Secretary of Agriculture Tom Vilsack announced the second-round awardees of the Partnership for Climate-Smart Commodities, a United States Department of Agriculture (USDA) effort to combat the climate crisis by partnering with agriculture, forestry, and rural communities to provide climate solutions that strengthen rural America. These projects were designed to provide innovative and meaningful opportunities for small and underserved producers to participate in that would provide adaptation and/or mitigation efforts related to climate change. Re- Nuble’s project entitled, “Increasing Farm Resource Efficiency by Utilizing On-Site Post-Production Food Byproducts into Innovative Fertilizers and Climate-Smart Commodities” was awarded a $4.6 million grant as part of the second pool of partnerships for Climate-Smart Commodities funding opportunity.

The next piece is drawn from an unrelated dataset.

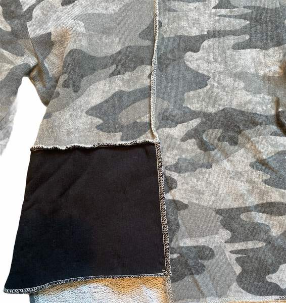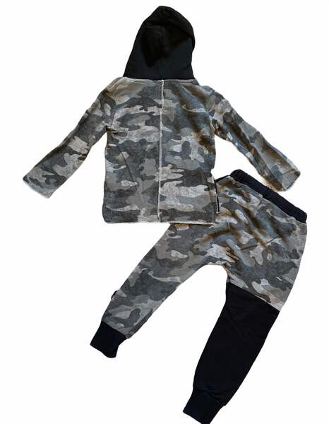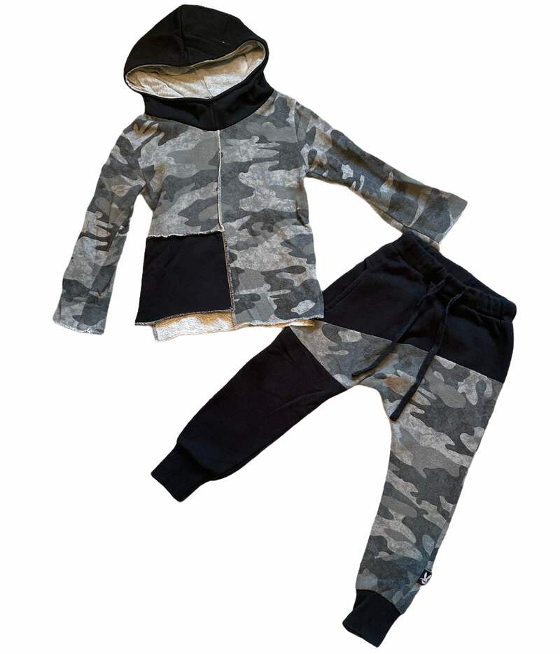Tuli Bert boys edgy 2pc raw edge asymmetrical hoodie & jogger set in black and gray camo colorblock size 3-4T.

Unique, Re-Nuble’s project is focused on creating value for farms using their on-site, post-production agricultural byproducts and unharvested residuals.

“Re-Nuble is pleased to see the USDA prioritize more resources for small and underserved producers as we have often witnessed larger producers benefit from innovative solutions. Often having the resources capable of competitively soliciting solutions such as ours, there is typically no incentive to share the insights and experiences obtained from such pilot projects. Gratefully, the USDA is now providing monetary and market-driven incentives for these potential early adopters to trial new technologies while reducing as much risk as possible for all participants. I think that it’s incredibly honorable for the USDA to offer a program that provides market, equipment, and monetary support that is also focused on maximizing scalability, “ said Tinia Pina, Founder and CEO of Re-Nuble.”

Amid an ongoing and intensifying water crisis in the Southwest, Re-Nuble aims to introduce innovative closed-loop agriculture methods that optimize regenerative and sustainable agriculture using systematic methods that can earn farmers more revenue from formerly perceived waste streams. Their organic cycling science approach allows farms to use a fully integrated, closed-loop, and self-sustaining nutrient system that reduces input and disposal costs while creating climate-smart commodities for reselling in secondary markets.